As I've mentioned in the previous comment, the mismatch should be fine - on few ticks, we'd see Concourse dealing with those volumes not existing in the worker by marking them with missing_since, and later, having them deleted.

cirocosta commented 4 years ago

We believe that restarting pods using kubectl won't fix the problem of ATC having an incorrect perception of workers' volumes; so we did the following:

oh, actually, a kubectl delete pod would end up putting the worker through "the right termination process" which is going through preStop, which takes care of doing the retire-worker before termination, which would've cleaned up the database-side first, and then on re-initialization, cleaning up the pvc (which would make vols_in_db=0 and vols_in_the_worker=0)

We could look into modifying the hard eviction limits

hmmm I don't think that's really the answer as that's something that's up to the consumers of the Chart; even if we did remove those limits that we have set under resources, it'd not really take the problem away - the kubelet could still do a hard eviction on node-configured values that we don't know about as pod spec authors (aside from any other form of ungraceful termination that will eventually happen).

e.g.:

kubectl proxy --port=8001
curl -sSL "http://localhost:8001/api/v1/nodes/gke-hush-house-workers-3-687beb5a-3fgz/proxy/configz" | jq '.kubeletconfig.evictionHard'
{
  "memory.available": "100Mi",
  "nodefs.available": "10%",
  "nodefs.inodesFree": "5%",
  "pid.available": "10%"
}

cirocosta commented 4 years ago

tl;dr

Having both remount volumes on restart and gc containers and vols present in the worker but not on the db, it seems sensible to me to consider going the route of not removing the volumes on initialization in any case.

(this can be activated in the chart via --set worker.cleanUpWorkDirOnStart=false)

Given that we now diff on both ways, and have the volumes properly mounted when getting up (in any case), I think we're safe to go without initial removals - Concourse will take care of removing any leftovers on either sides.

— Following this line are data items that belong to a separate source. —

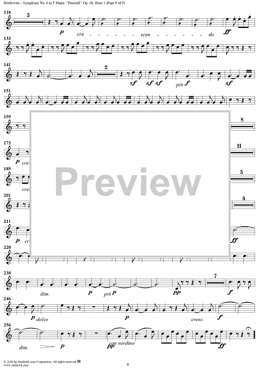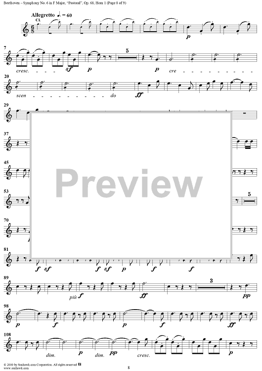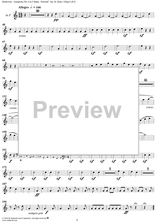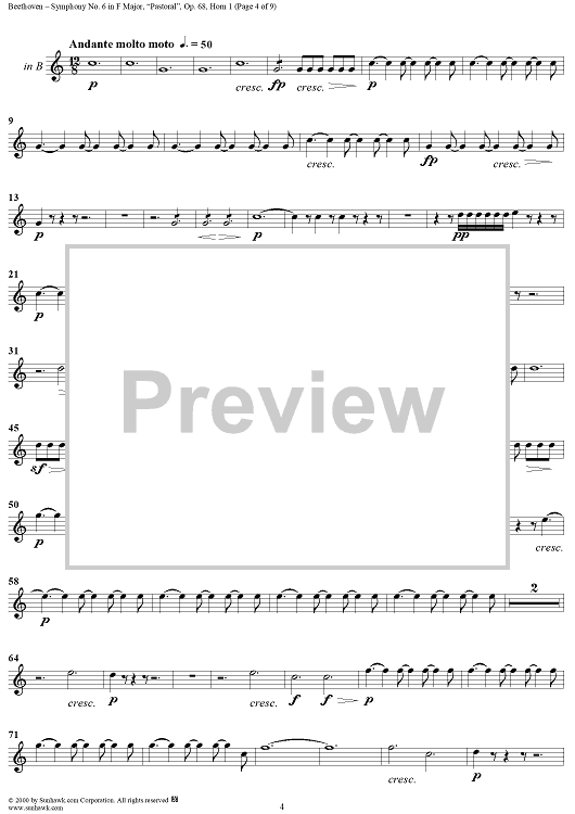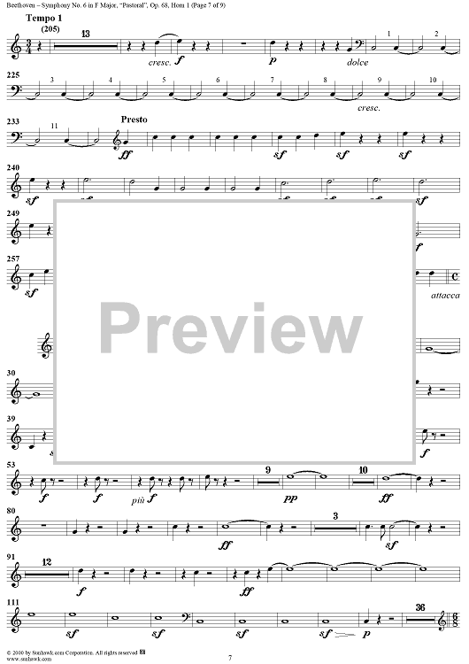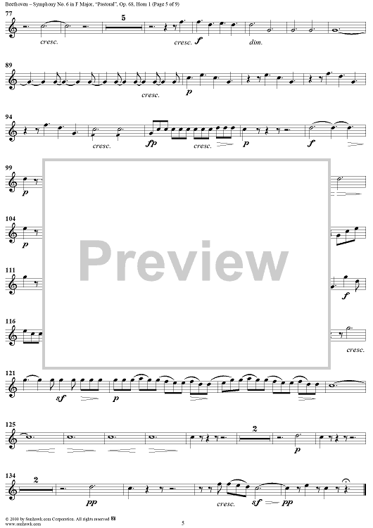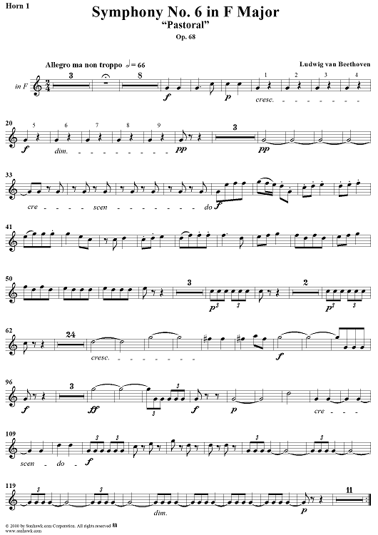 Digital Sheet Music for Symphony No. 6 in F Major, "Pastoral" - Horn 1 by Ludwig van Beethoven scored for Orchestra; id:275142
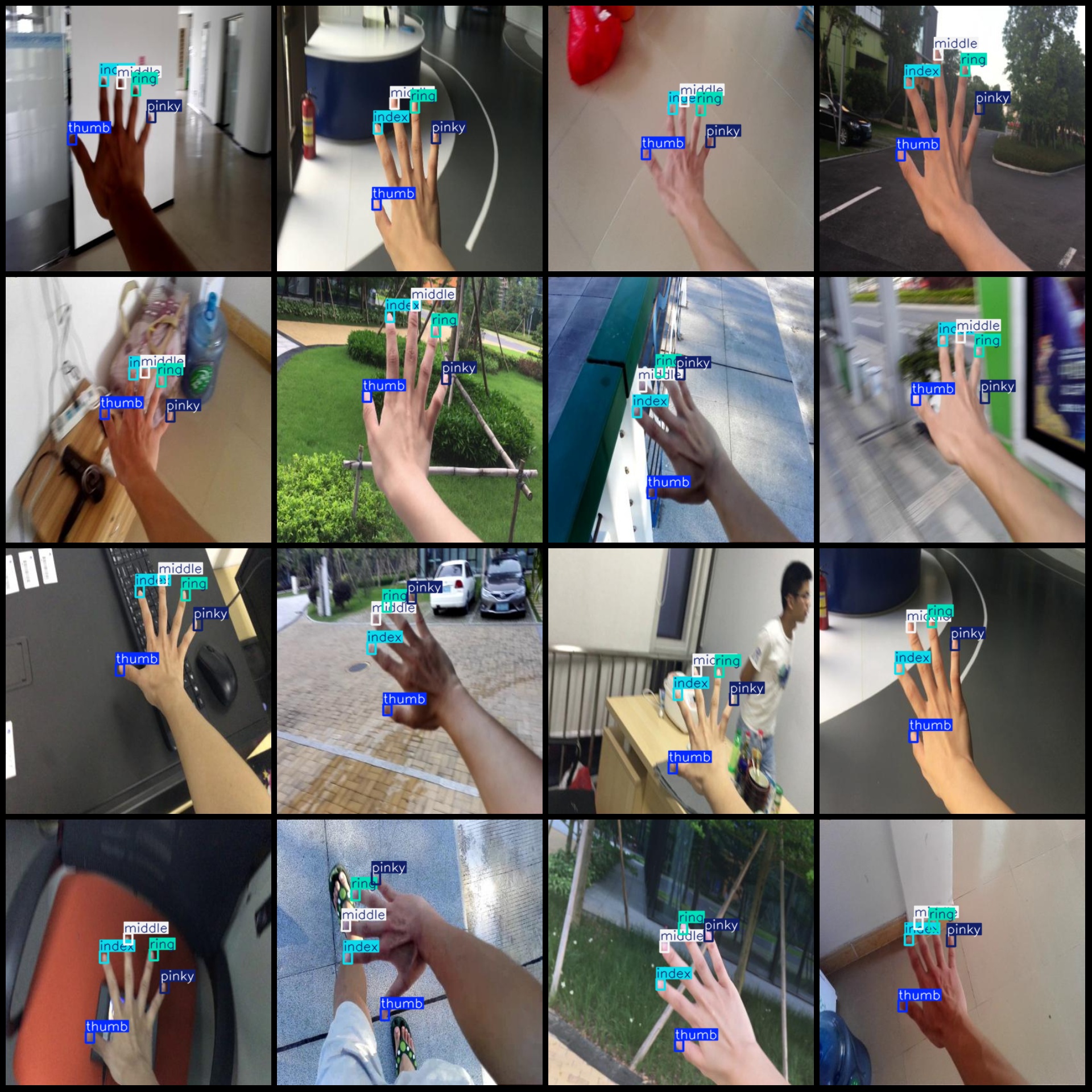 标注类别名称(注意yolo格式类别顺序不和这个对应,而以labels文件夹classes.txt为准):["index","middle","pinky","ring","thumb"]
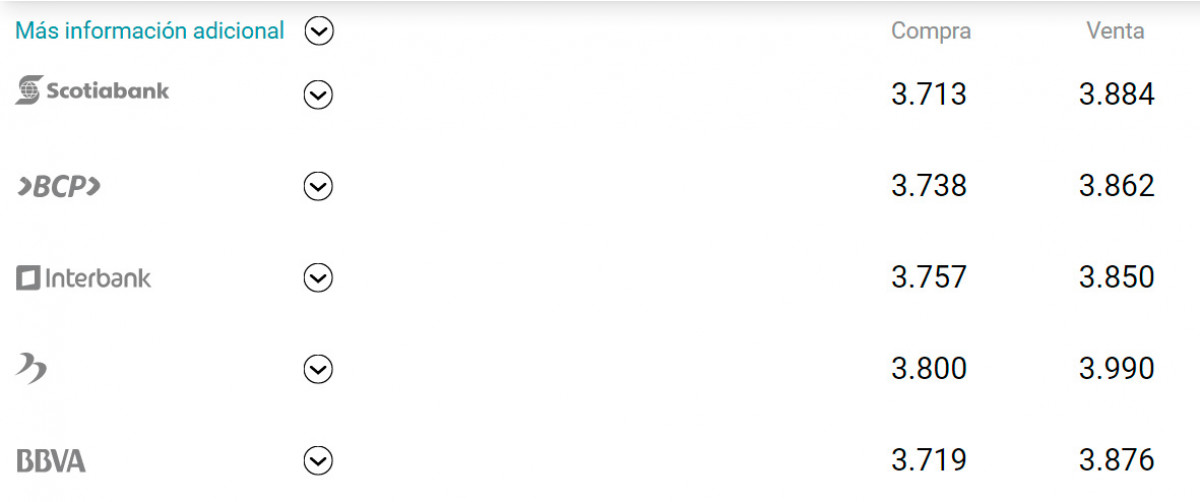 De acuerdo al portal cuantoestaeldolar.pe, el tipo de cambio en los bancos se cotiza en:

ps.: while I'm aware of the fixes for doing the proper mounting for overlay, I'm not entirely sure if everything would still be alright for btrfs in the case where loopback devices are used (although I think it's alright already)

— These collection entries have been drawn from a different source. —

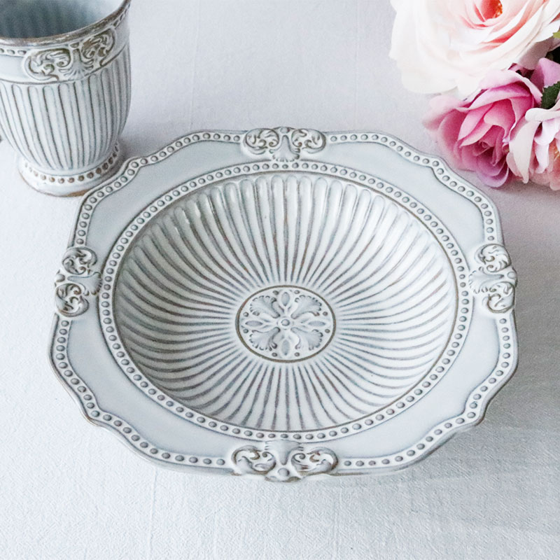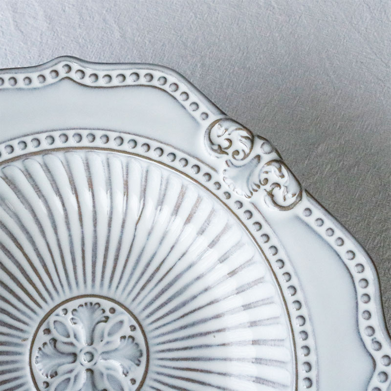 上品なアンティーク調デザインが魅力の深皿プレート。直径24cm・深さ4.5cmで、パスタやカレー、煮物や炒め物など、さまざまな料理にぴったりです。食卓をワンランクアップさせる華やかな雰囲気で、おもてなしやカフェ風の演出にもおすすめ。おしゃれな見た目と実用性を兼ね備えた、毎日使いたくなる万能プレートです。
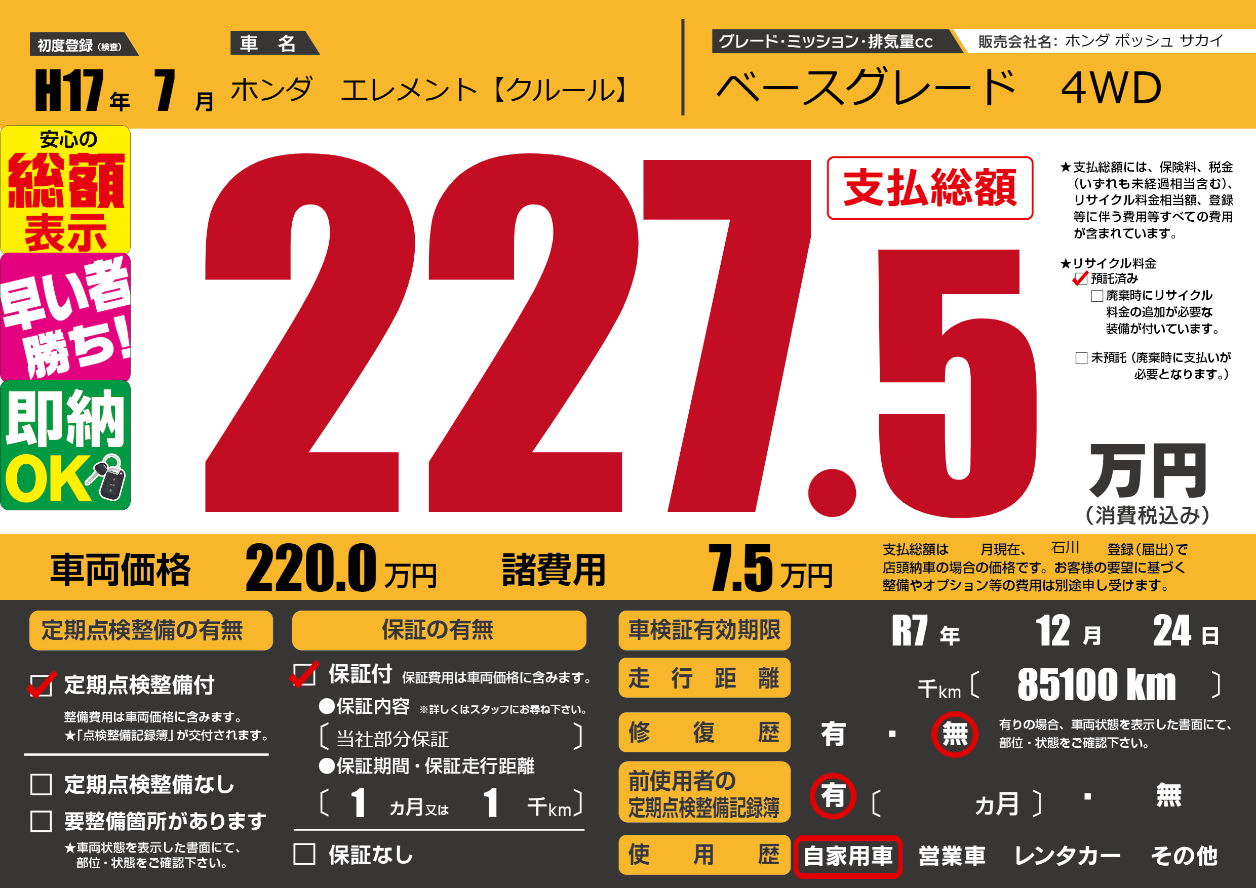 なし | 車検制限 | R7年12月24月 |
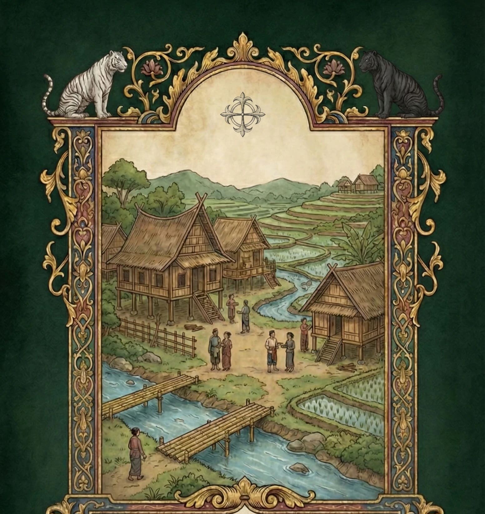Tak hanya rumah, tata kota Pakuan Pajajaran pun cerdas. Mereka menerapkan *Sistem Parit Multiguna yang tak hanya mengairi sawah tetapi juga mengendalikan air hujan, menjadi batas wilayah, dan bahkan elemen pertahanan. Selain itu ada *Hutan Samida, kawasan hutan yang dilindungi atau dikeramatkan, berfungsi sebagai daerah resapan air raksasa, penstabil tanah, dan penjaga keanekaragaman hayati—pencegah erosi dan longsor alami. Bahkan *Ngabalay Jalan, jalur penghubung kota, dirancang ramah lingkungan, menciptakan koridor hijau yang menjaga keseimbangan alam. Ini semua merupakan bentuk “smart city” versi kuno, di mana harmoni alam adalah fondasi utamanya.

vito commented 4 years ago

@cirocosta I think we might have about this previously, but my memory is failing me: workers coming back under the same goes against the intent of the current worker lifecycle design, where the name is supposed to directly correspond to the lifecycle of both the processes and data (i.e. containers and volumes) managed by the worker. If they go away, the worker should just get a new name. These kinds of problems seem to be caused by not following that rule.

What's the technical reason for the chart to prefer 'stable' names as opposed to just ephemeral names + ephemeral: true? With the chart becoming the preferred method to deploy Concourse, it seems like we may want to either adjust the lifecycle design more fundamentally or change how the chart works to 'fall in line'. Sorry if this is reviving an old discussion, since I think it is. :sweat_smile: If you remember where we chatted about this previously feel free to just link it.

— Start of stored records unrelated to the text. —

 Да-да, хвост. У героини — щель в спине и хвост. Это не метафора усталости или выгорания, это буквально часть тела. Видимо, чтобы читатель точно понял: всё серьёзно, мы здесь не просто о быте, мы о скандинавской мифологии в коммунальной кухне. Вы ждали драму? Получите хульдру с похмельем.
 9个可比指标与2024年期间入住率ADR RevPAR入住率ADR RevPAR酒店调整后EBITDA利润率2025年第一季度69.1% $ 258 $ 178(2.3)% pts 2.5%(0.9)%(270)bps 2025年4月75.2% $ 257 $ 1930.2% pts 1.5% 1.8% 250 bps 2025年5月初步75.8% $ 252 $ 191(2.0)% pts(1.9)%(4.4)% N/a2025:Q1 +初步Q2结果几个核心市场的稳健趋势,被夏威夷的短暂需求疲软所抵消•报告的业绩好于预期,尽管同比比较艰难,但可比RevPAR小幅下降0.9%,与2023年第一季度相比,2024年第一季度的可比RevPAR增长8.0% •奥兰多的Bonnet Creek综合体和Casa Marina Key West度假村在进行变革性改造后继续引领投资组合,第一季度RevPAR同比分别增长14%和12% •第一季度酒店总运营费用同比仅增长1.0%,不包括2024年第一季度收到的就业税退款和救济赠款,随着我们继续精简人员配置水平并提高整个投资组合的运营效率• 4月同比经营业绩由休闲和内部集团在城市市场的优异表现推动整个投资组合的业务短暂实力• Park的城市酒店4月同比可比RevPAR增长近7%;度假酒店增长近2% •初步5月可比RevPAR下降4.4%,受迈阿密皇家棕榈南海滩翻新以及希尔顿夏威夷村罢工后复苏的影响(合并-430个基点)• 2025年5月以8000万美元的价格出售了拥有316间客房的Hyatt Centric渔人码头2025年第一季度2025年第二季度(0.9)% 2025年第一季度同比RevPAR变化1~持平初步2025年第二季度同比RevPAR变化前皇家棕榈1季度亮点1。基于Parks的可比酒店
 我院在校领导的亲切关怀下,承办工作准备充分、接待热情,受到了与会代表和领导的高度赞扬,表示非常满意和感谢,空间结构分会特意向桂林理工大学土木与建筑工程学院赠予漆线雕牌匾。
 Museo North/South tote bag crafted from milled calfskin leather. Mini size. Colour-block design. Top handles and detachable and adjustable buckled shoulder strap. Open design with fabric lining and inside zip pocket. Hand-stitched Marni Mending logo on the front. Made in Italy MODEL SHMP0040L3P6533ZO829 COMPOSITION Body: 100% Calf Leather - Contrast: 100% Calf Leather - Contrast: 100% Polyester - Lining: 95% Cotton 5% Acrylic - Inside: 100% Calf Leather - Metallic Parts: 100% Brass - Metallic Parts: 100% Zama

cirocosta commented 4 years ago

heey @vito,

These kinds of problems seem to be caused by not following that rule.

ooh, totally!

it seems like we may want to either adjust the lifecycle design more fundamentally or change how the chart works to 'fall in line'.

my impression is that with the way that nowadays we perform the diffs in both ways, we're actually very close (if not already fine) to handle state persisting around 🤔 (I might be very wrong though lol)

What's the technical reason for the chart to prefer 'stable' names as opposed to just ephemeral names + ephemeral: true?

We've been using non-ephemeral names just because of the use of StatefulSets for our workers (see worker-statefulset.yaml):

`StatefulSets` are valuable for applications that require one or more of the
following:

- **Stable, unique network identifiers**.
- **Stable, persistent storage**.
- Ordered, graceful deployment and scaling.
- Ordered, automated rolling updates.

(from Using StatefulSets)

As you mentioned, it diverges from what we want in terms of both the stable naming across pod starts¹, and having the storage trully persistent (regardless of where the pod goes, the volume + its contents goes together with it) - properties of StatefulSets.

But, still, it gives us something that's very valuable: the ability to have templated persistent volume claims. This is what allows each pod to get a persistent volume attached to it. Without that, we'd end up consuming whatever storage is set up for ephemeral storage in that machine (in the case of GKE, e.g., that'd be the same storage used for the whole machine, including the storage for container images, other workloads, etc)².

Leveraging StatefulSets then, we can declare that we want our workers to come with a 1TB disk and have that disk just for the worker pods, regardless of whatever is used for the kubelet and other workloads in the machine (i.e., dedicated IOPS for the worker). With a Deployment, that's not possible.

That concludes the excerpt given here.